**Provided material:**

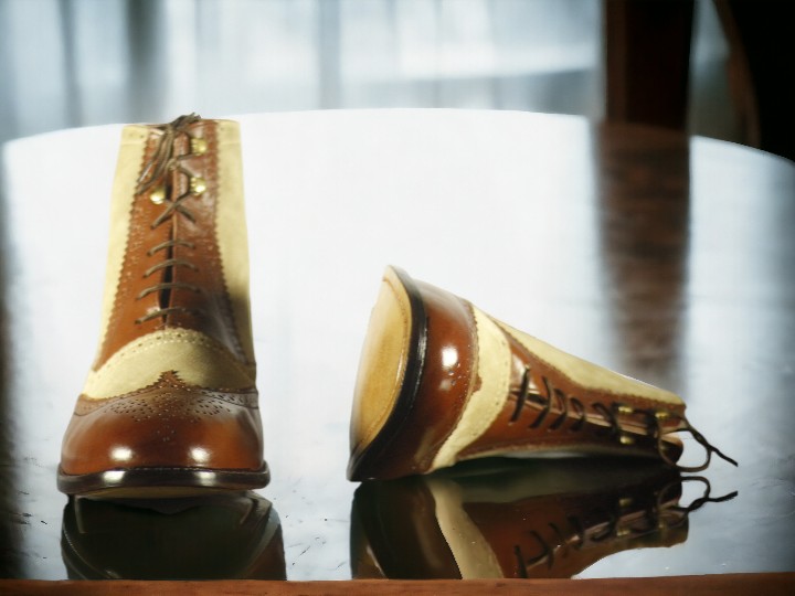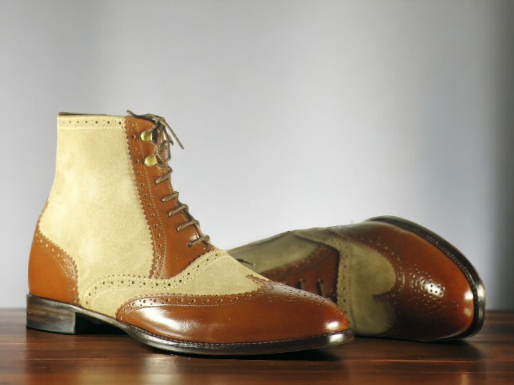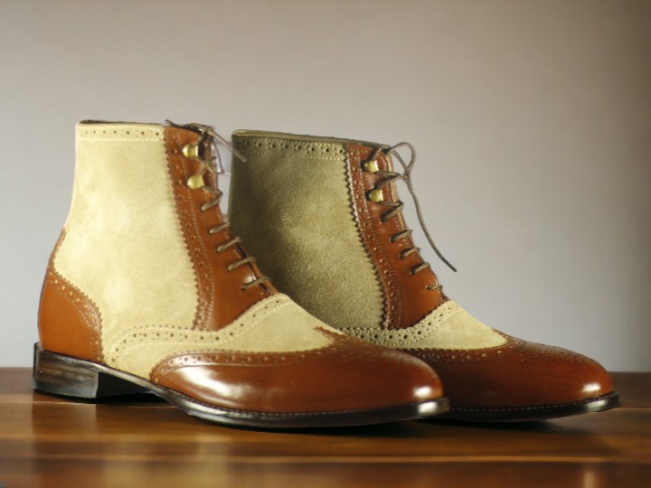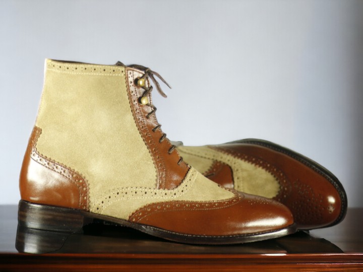 Handmade Men's Brown Beige Leather and suede Boot ,Wing tip Brogue Toe Lace Up Boot
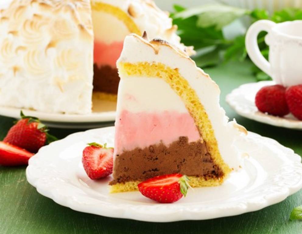 - Das Eis Ihrer Wahl, direkt aus der Tiefkühlung, auf den Boden verteilen. Verwenden Sie am besten die Eisvarianten, die im Block verpackt sind. Dieses Eis können Sie mit einem heißen Messer am besten in die gewünschte Form schneiden. Am schönsten schaut Baked Alaska aus, wenn Sie unterschiedliche Eissorten verwenden.
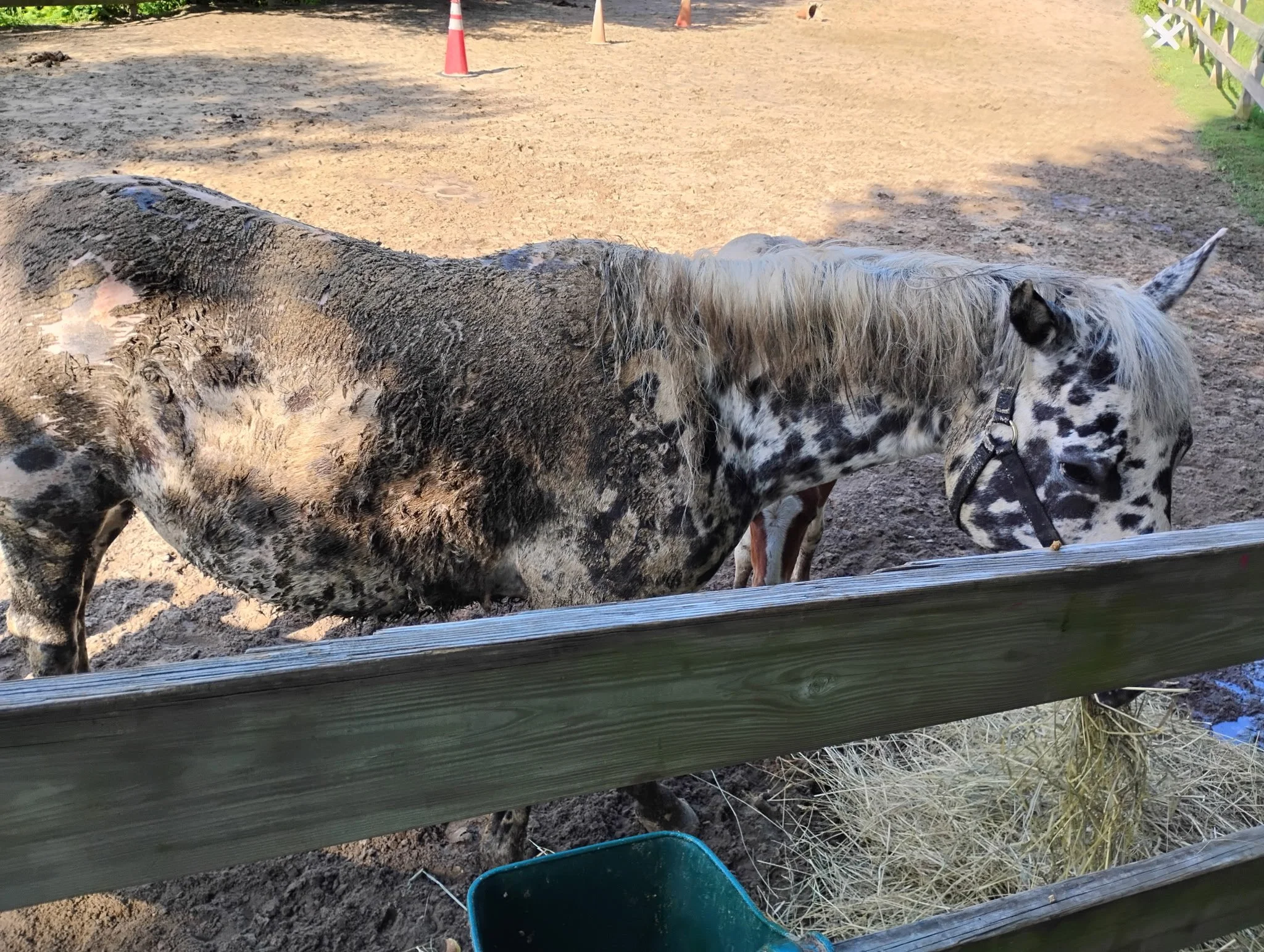 CC was so caked in manure that you couldn’t see her beautiful spotted coat

**Exercise instructions:** The material above should be repeated word for word, with every picture omitted.

**Answer to this task:**
 Handmade Men's Brown Beige Leather and suede Boot ,Wing tip Brogue Toe Lace Up Boot
 - Das Eis Ihrer Wahl, direkt aus der Tiefkühlung, auf den Boden verteilen. Verwenden Sie am besten die Eisvarianten, die im Block verpackt sind. Dieses Eis können Sie mit einem heißen Messer am besten in die gewünschte Form schneiden. Am schönsten schaut Baked Alaska aus, wenn Sie unterschiedliche Eissorten verwenden.
 CC was so caked in manure that you couldn’t see her beautiful spotted coat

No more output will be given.